- [Problem requirements]
When you reach the line containing "Vali Yardımcısı Zeki", repeat that line and each one after it exactly until the records end, leaving out pictures.

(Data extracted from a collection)
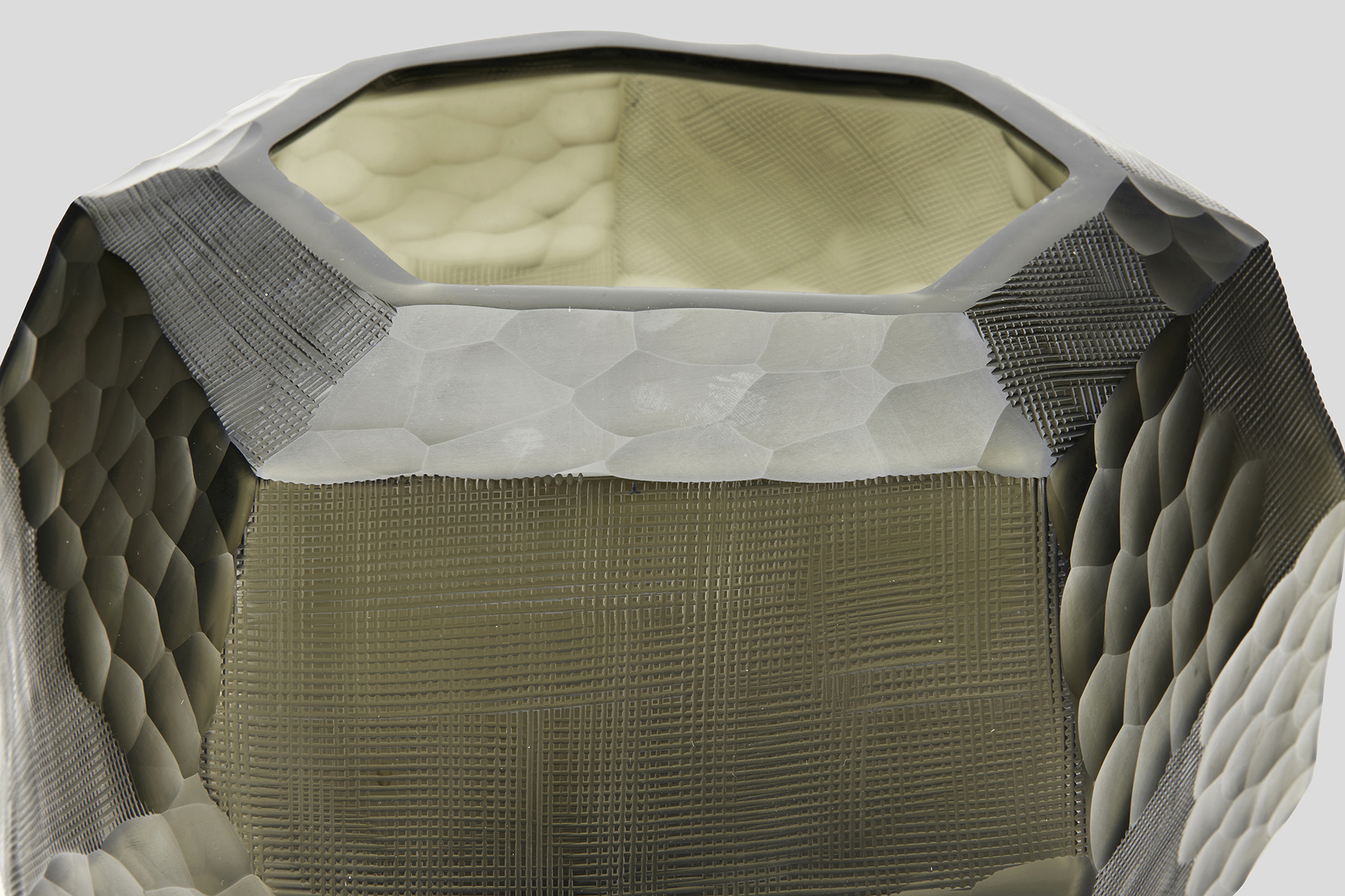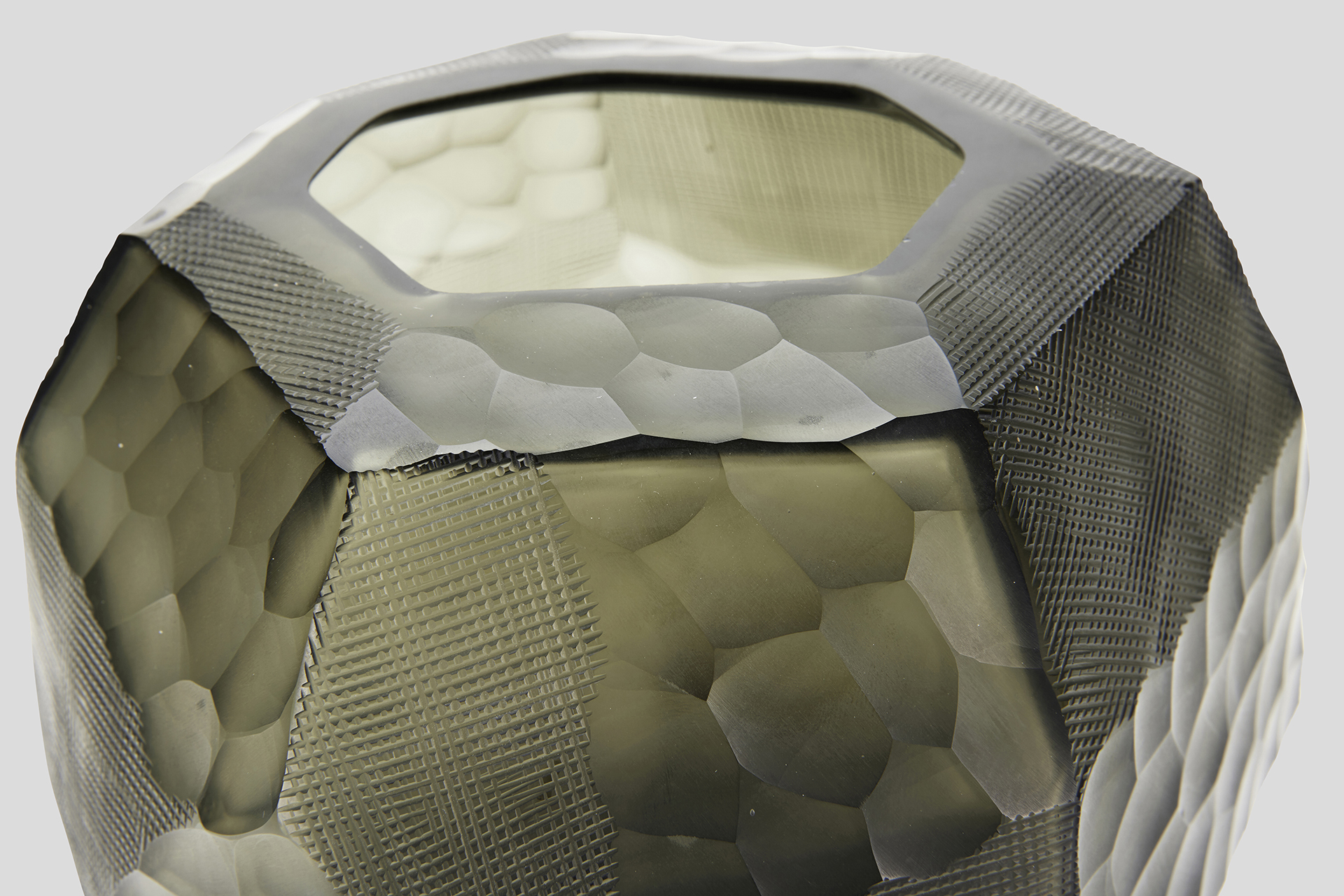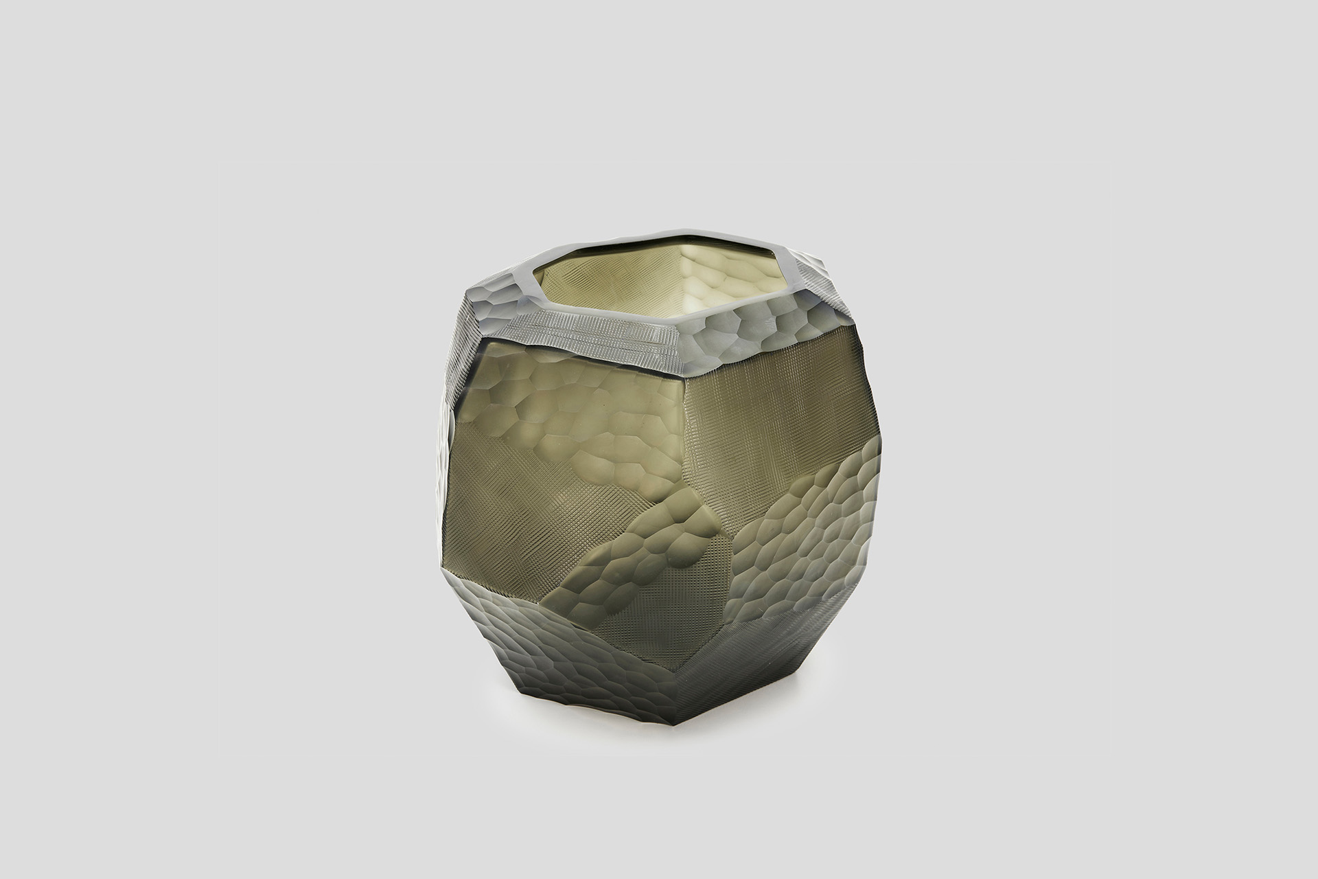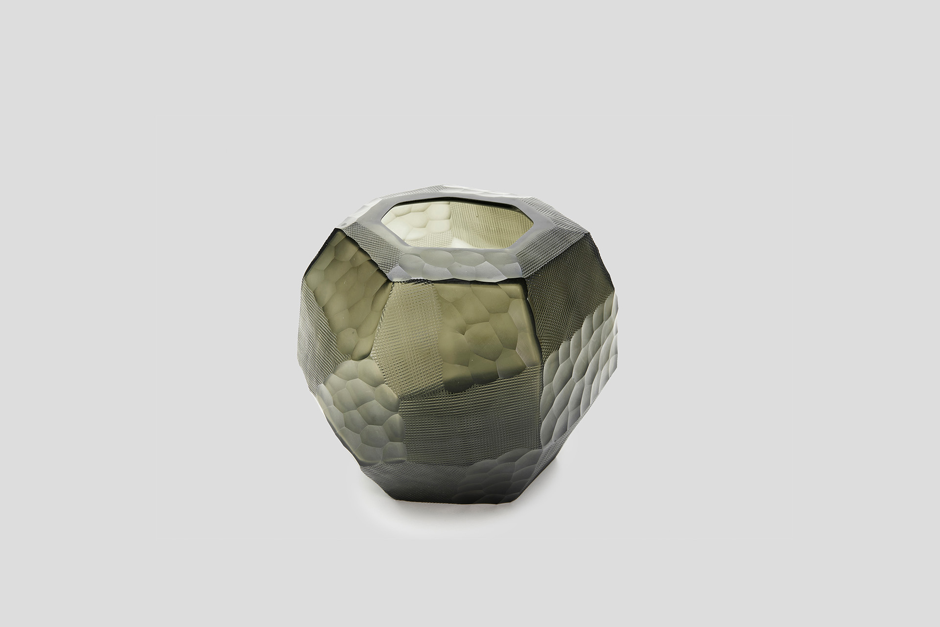 Our Paradis vases and bowl are crafted using different hand carving processes to make the tactile experience one of a kind, also allowing the light to play with the glass surfaces, reflecting colors in a unique way.
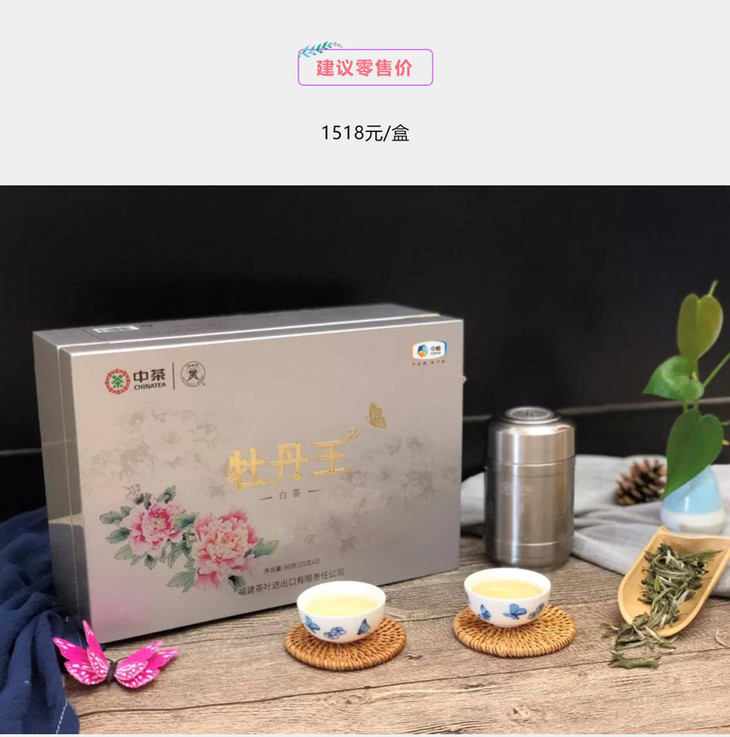 《中粮-中茶》白茶 蝴蝶牡丹王2听装礼盒(50g)
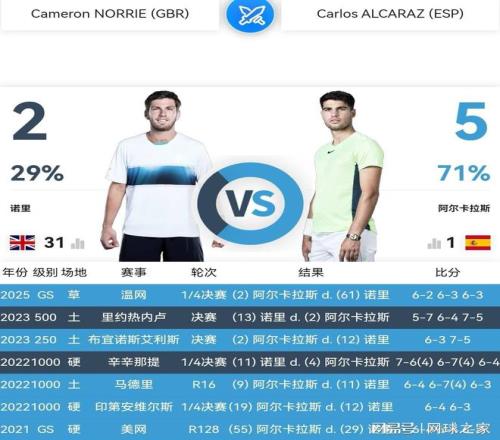 2023年之后,随着年事渐高、伤病侵袭,诺里状态起伏、战绩下滑,世界排名绯徊在第30位左右。职业生涯至今,诺里与阿尔卡拉斯交锋七次,取得两胜五负的战绩。相比其他高排位选手,诺里这个战绩已经殊为难得了。这说明诺里技战术水平仍在,犹有一战之力,让谁也不敢等闲视之。
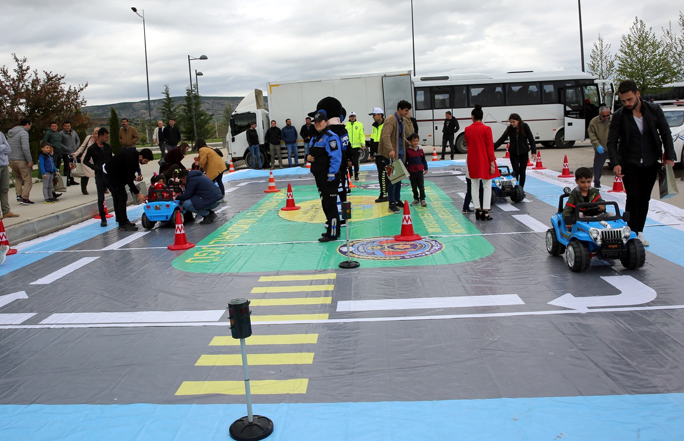 Vali Yardımcısı Zeki Karaca, ÇAKÜ Rektörü Prof. Dr. Hasan Ayrancı, İl Emniyet Müdürü Saadettin Aksoy, İl Jandarma Alay Komutanı Albay Hıdır Ayçiçek, akademisyenler, üniversite öğrencileri ve anasınıfı öğrencilerinin gezdiği sergi ve eğitimde katılımcılara trafik polislerinin kullandığı araçlar tanıtıldı.
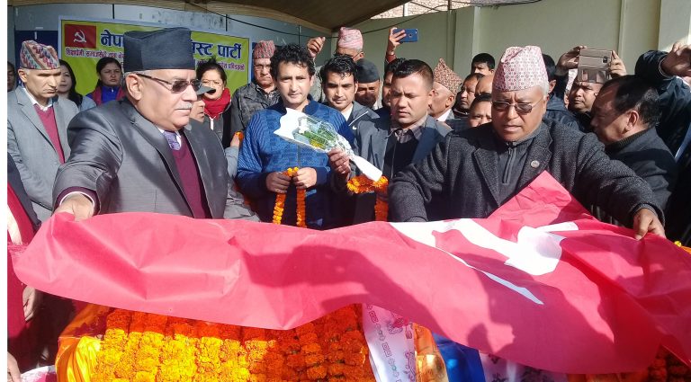 Former Prime Minister and NCP Chairman Pushpa Kamal Dahal ‘Prachanda’ laid party’s flag on the dead body of Pandit in a gesture of highest tribute.
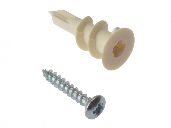 Forgefix Nylon Speed Plug Plasterboard Fixings are supplied with pozidrive compatible 4.5mm x 35mm round head screws, although alternative screws can be used if required. Nylon speed plugs can be used in electrical installations and are suitable for use in most types of hollow walls and plasterboard.
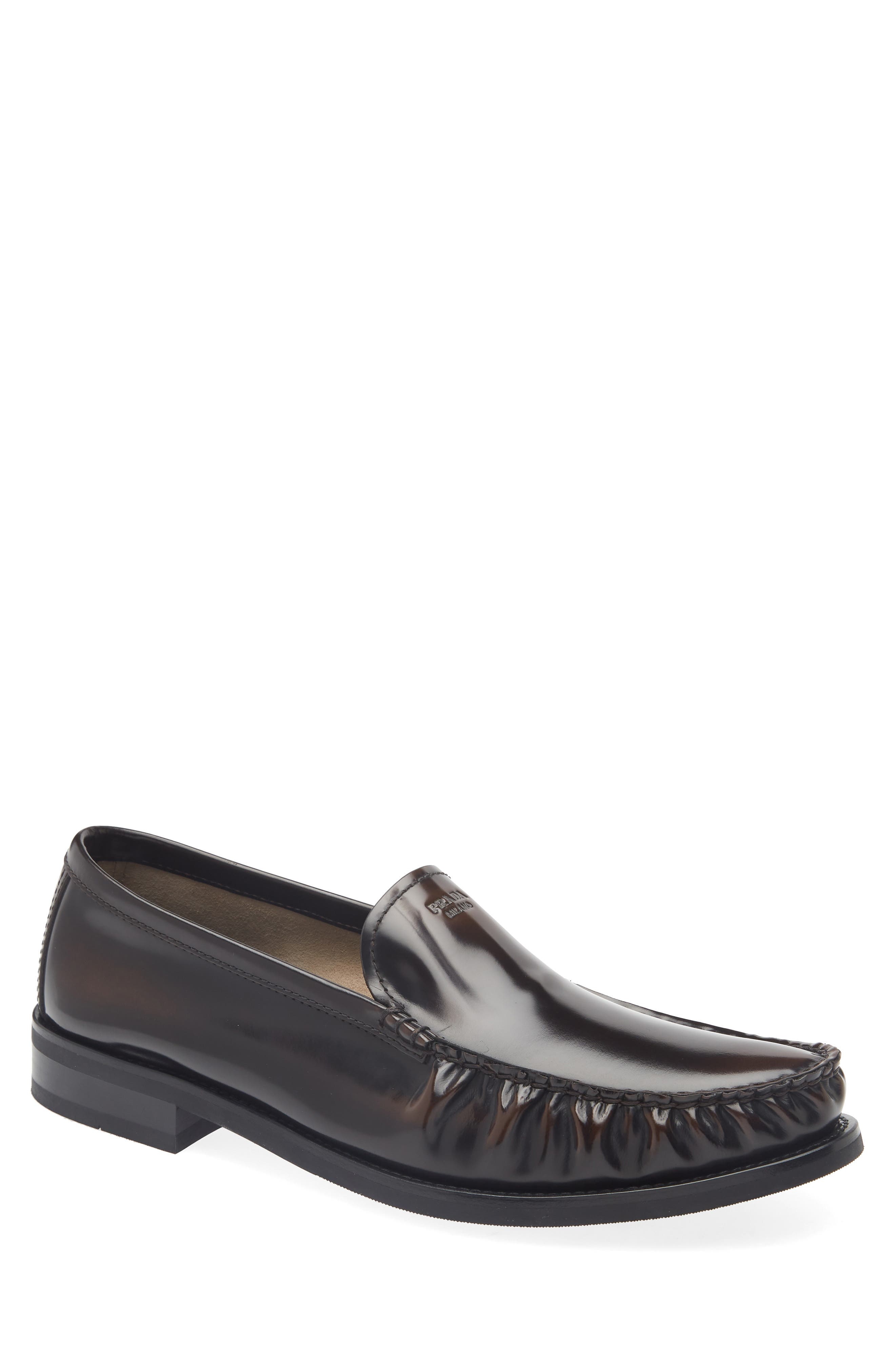 Ruched seaming at the toe gives surprising, modern texture to a heritage loafer crafted in Italy from polished calfskin leather and topped with a debossed logo. Leather upper, lining and sole Made in Italy Designer Shoes

- [Solution to the problem]
 Vali Yardımcısı Zeki Karaca, ÇAKÜ Rektörü Prof. Dr. Hasan Ayrancı, İl Emniyet Müdürü Saadettin Aksoy, İl Jandarma Alay Komutanı Albay Hıdır Ayçiçek, akademisyenler, üniversite öğrencileri ve anasınıfı öğrencilerinin gezdiği sergi ve eğitimde katılımcılara trafik polislerinin kullandığı araçlar tanıtıldı.
 Former Prime Minister and NCP Chairman Pushpa Kamal Dahal ‘Prachanda’ laid party’s flag on the dead body of Pandit in a gesture of highest tribute.
 Forgefix Nylon Speed Plug Plasterboard Fixings are supplied with pozidrive compatible 4.5mm x 35mm round head screws, although alternative screws can be used if required. Nylon speed plugs can be used in electrical installations and are suitable for use in most types of hollow walls and plasterboard.
 Ruched seaming at the toe gives surprising, modern texture to a heritage loafer crafted in Italy from polished calfskin leather and topped with a debossed logo. Leather upper, lining and sole Made in Italy Designer Shoes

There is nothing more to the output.